The Makatib Khana is the special formation of Mughal emperors and best known historic part within Lahore Fort. The monument is a witness of the incomparable use of spaces, valued formation, and application of geometric proportions during the eminent era of Mughals. It is completely a sole combination of history, culture and architecture.

The massive entrance has central arched openings towards the east. It faces an open courtyard, square on plan and having oblong vaulted chambers on the east, west and north. Yet another high arched way leads to the main court of the Moti Masjid Quadrangle on its north. Presently the Makatib Khana is a single story building containing an open courtyard (19mx19m) in the middle of building. The structure of the Makatib Khana is built with the brick masonry and lime mortar.

According to a recent study conducted by the Walled City of Lahore Authority, it is observed that the entire structure of the Makatib Khana is suffering from serious threat and damages. The experts of the authority said that during visual inspection the majority of damages found in the form of cracks, and solemn leaning at northeast corner. They said that considering the fact and venerability of the structure, it is important for the stability and prolonging of the structure all threats and damages to the structure both at macro and micro scale should be addressed and encountered before transforming structure into worsen condition. The remains of the historic flooring, patterns and renders are in dilapidated condition need to be rectified by following given standards of conservation.

Let me tell you a little about the fort as well. The Lahore fort is a reflection of many centuries. The earliest reference to the fort comes in a history of Lahur (Lahore) compiled by Al-Biruni, which refers to a fort constructed in the early 11th century. He further notes that Munshi Sujan Rae Bhandari, author of the Khulasatut Tawarikh in 1695-96 AD, records that Malik Ayaz, a favourite of Sultan Mahmud, built a masonry fort at Lahore and repopulated the city.

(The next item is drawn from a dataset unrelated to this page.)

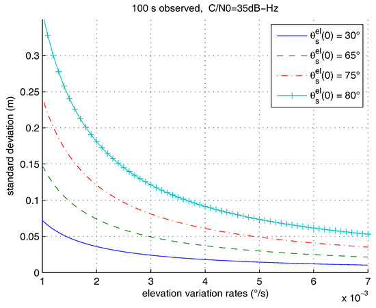We show in Figure 5 the standard deviation of the proposed estimator as a function of the satellite elevation rate and for various initial elevations. For these simulations, the considered observation period is fixed at 100 s, and the is 35 dB-Hz. We observe that the standard deviation of the estimated height decreases when the elevation rate increases, as expected according to Equation (28). Figure 5 also depicts the influence of the initial elevation: the estimator is less precise for high initial elevations, with especially highly increasing precision losses for initial elevations increasing over . High values of the initial elevation indeed provide smaller spans as the sine gets very close to one for any elevation over .

Khan believes it is the same fort that was destroyed by the Mongols in 1241 and in 1398 by a detachment of Timur’s army after which it was rebuilt again in 1421 by Sayyid, son of Khizr Khan.

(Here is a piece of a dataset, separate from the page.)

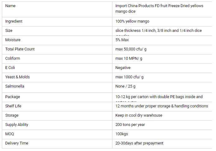 Import Products FD fruit Freeze Dried yellows mango dice for sale

Mughal emperor Akbar the great demolished the earlier mud fort and re-built it in burnt brick in 1566. Akbar’s successors, Jahangir, Shah Jahan and Aurangzeb added several buildings to the fort. The fort has almost 21 different buildings in it. Those lying in the northern half are grouped in four blocks or quadrangles. Lahore fort is the only monument in Pakistan which represents a complete history of Mughal architecture and the eras following it.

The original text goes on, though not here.